Agency agreements, unlike distributorship agreements, do not give rise to competition law issues. Correct?

The answer is largely so in the case of “genuine” agency agreements, that is where the agent bears no, or only insignificant, financial and commercial risk. 

Guidance provided by the European Commission explains that risks related to the provision of agency services in general by the agent, including the risk of the income of the agent being dependent on his success, are not material for assessing the effect of competition law on the agreement.  

In the case of “genuine” agency agreements, the agent lacks independence from the principal and he is treated as part of the same economic entity. In such a situation, no competition law issues arise and the principal can:

  • freely set the price and conditions on which the agent must sell or buy the goods or services;
  • impose limits on the territory in which the agent may sell the goods or services; and
  • impose limits on the customers to whom the agent may sell the goods or services.  

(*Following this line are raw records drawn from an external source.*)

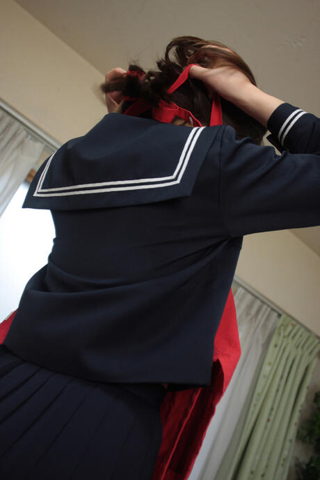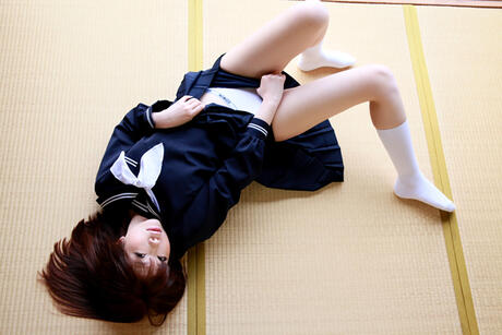 All Gravure: Super hot schoolgirl Higurashi Rin strips her sailor collar & pantyhose on the bed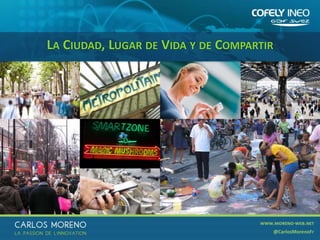 El documento describe las características de una ciudad inteligente y los desafíos que enfrentan las ciudades modernas. Las ciudades deben enfocarse en mejorar la calidad de vida de los ciudadanos mediante el uso de nuevas tecnologías, al tiempo que gestionan problemas como el cambio climático, la desigualdad social y los riesgos ambientales. Las ciudades inteligentes utilizan plataformas digitales abiertas para brindar mejores servicios a los ciudadanos de una manera sostenible, resiliente e inclusiva.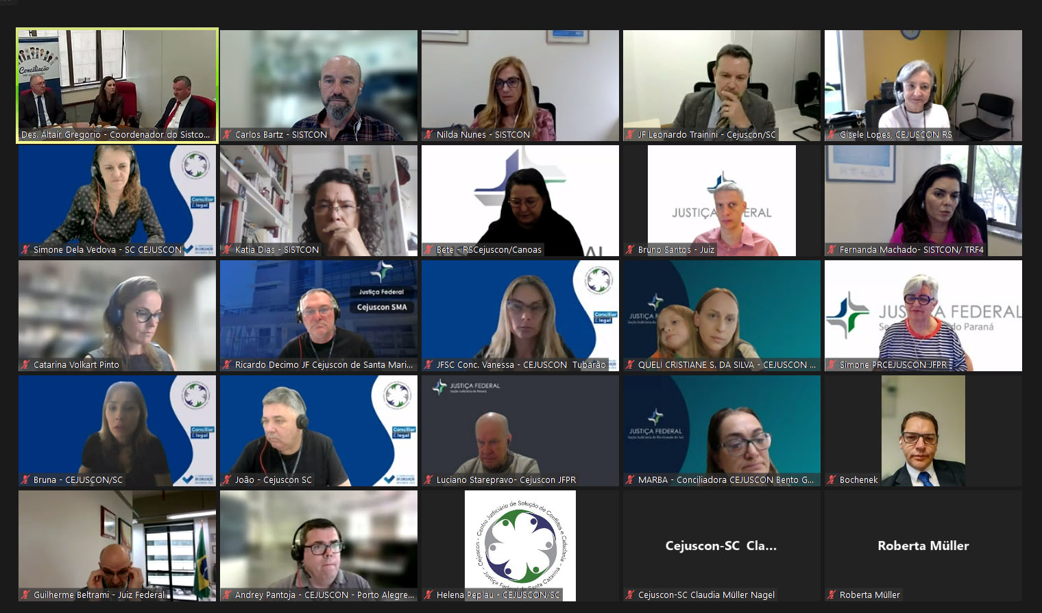 A solenidade de abertura da Semana Nacional da Conciliação no TRF4 contou com participações remotas pela plataforma Zoom (Imagem: Sistcon/TRF4)

However, an agency agreement will not be qualified as “genuine” and competition law issues may arise if, for example, title to the contract goods bought or sold vests in the agent at any time, or the agent himself supplies the services. Furthermore, if the agent contributes to the costs relating to the supply or purchase of the goods or services, or undertakes responsibility towards third parties for damage caused by the particular product sold, these factors also indicate that the agreement is not “genuine”. 

True and false 
However, agency agreements often contain provisions in respect of exclusivity as well as non-compete restrictions. Despite being contained within a “genuine” agreement, the European Court has decided that these restrictions might, in fact, still give rise to competition law issues to the extent that they “entail locking up the market concerned”. Such competition concerns arise because, when agreeing these restrictions, the two parties are acting independently of each other and are not treated as one entity. 

A foreclosure effect on the relevant market will infringe competition law where, for example, it prevents potential entrants to the market and softens competition. However, under an exemption to the competition law regime, this will only be the case where at least one party to the agreement holds a large share of the relevant market for which the products are bought or sold. Accordingly, where any such restrictive provisions are included in an agency agreement, the parties need to consider how they can avoid falling foul of competition law.